After dropping the pictures, give again exactly the lines of the data from its first line through the line with "Estuche para Honor", which is included as well.

[Saved entries]
---
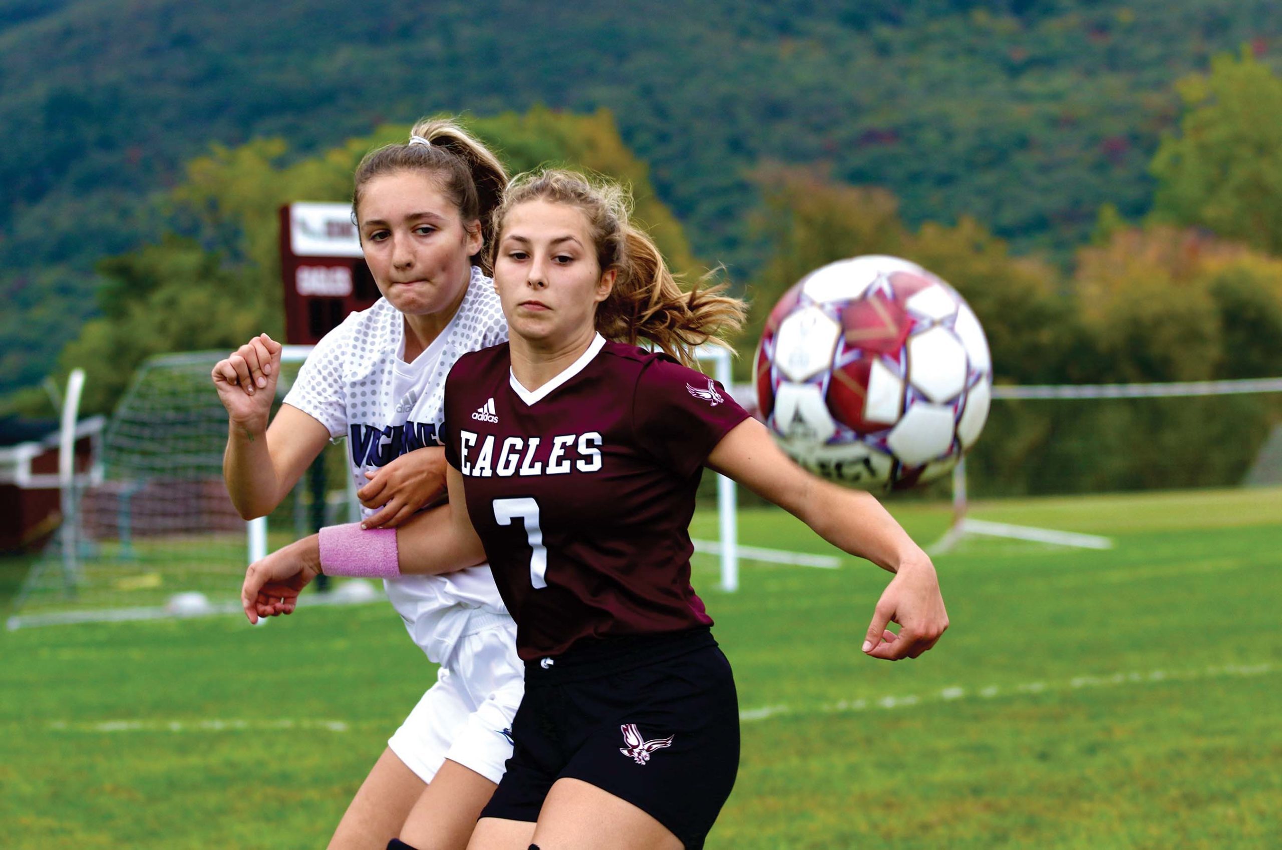 EAGLE BACK ANNIE Dufault battles with Commodore forward Felicia Poirier for control of the ball in the second half of Mount Abraham’s 2-0 home win on Tuesday. Mount Abe scored twice after intermission. Independent photo/Steve James
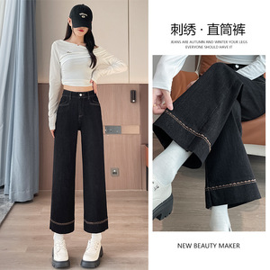 弹力黑金色刺绣牛仔裤女九分时尚复古个性明线装饰小个子八分裤子
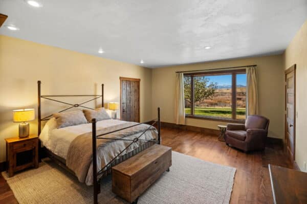 The Yellowstone Traditions home and guest quarters are ideally sited to maximize views of the surrounding mountains’ majesty and the calming waters of the Shields River, which flow through the cottonwood trees. The 2,226-square-foot Larry Pearson-designed home blends into the surrounding landscape. Constructed in 2001, its timeless design will appeal to even the most discerning buyer.
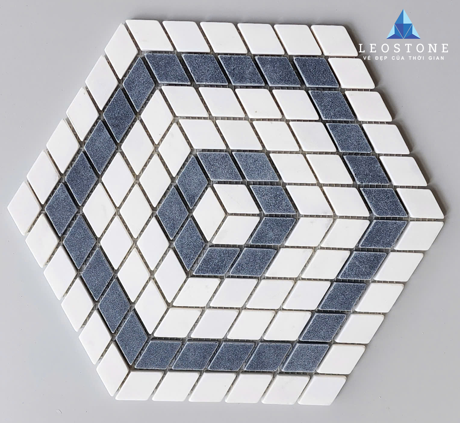 ĐÁ MOSAIC HÌNH KIM CƯƠNG PHỐI TRẮNG - XANH
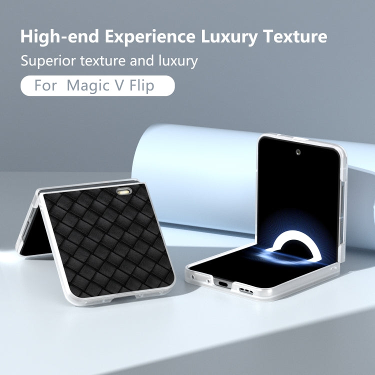 Estuche para Honor Magic V Flip de PU con Textura Tejida y Marco Translúcido Esmerilado (Negro)
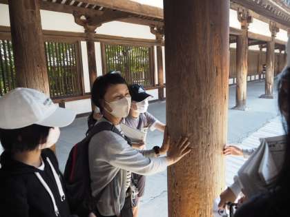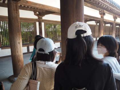 修学旅行の訪問地、奈良の法隆寺での様子です。
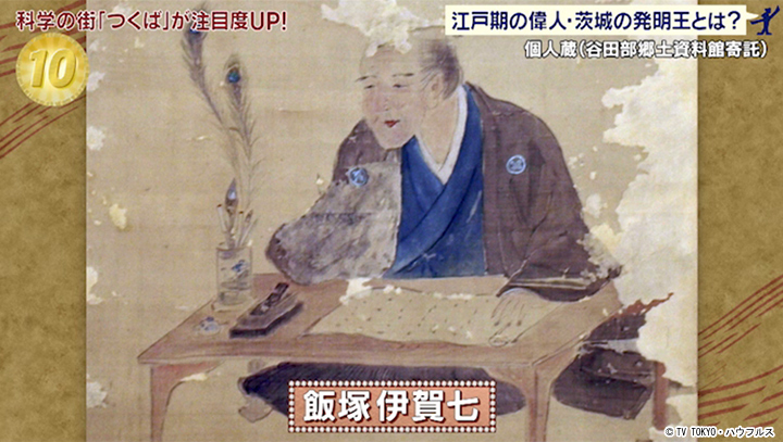 つくば出身の江戸時代の発明家。太鼓や笛で村人に時刻を知らせるカラクリ時計や距離を計測する十間輪などを作った。また、伊能忠敬よりも早く測量を行い、地元の谷田部地区の地図を製作した。
---
EXERCISE ANSWER:
 EAGLE BACK ANNIE Dufault battles with Commodore forward Felicia Poirier for control of the ball in the second half of Mount Abraham’s 2-0 home win on Tuesday. Mount Abe scored twice after intermission. Independent photo/Steve James
 弹力黑金色刺绣牛仔裤女九分时尚复古个性明线装饰小个子八分裤子
 The Yellowstone Traditions home and guest quarters are ideally sited to maximize views of the surrounding mountains’ majesty and the calming waters of the Shields River, which flow through the cottonwood trees. The 2,226-square-foot Larry Pearson-designed home blends into the surrounding landscape. Constructed in 2001, its timeless design will appeal to even the most discerning buyer.
 ĐÁ MOSAIC HÌNH KIM CƯƠNG PHỐI TRẮNG - XANH
 Estuche para Honor Magic V Flip de PU con Textura Tejida y Marco Translúcido Esmerilado (Negro)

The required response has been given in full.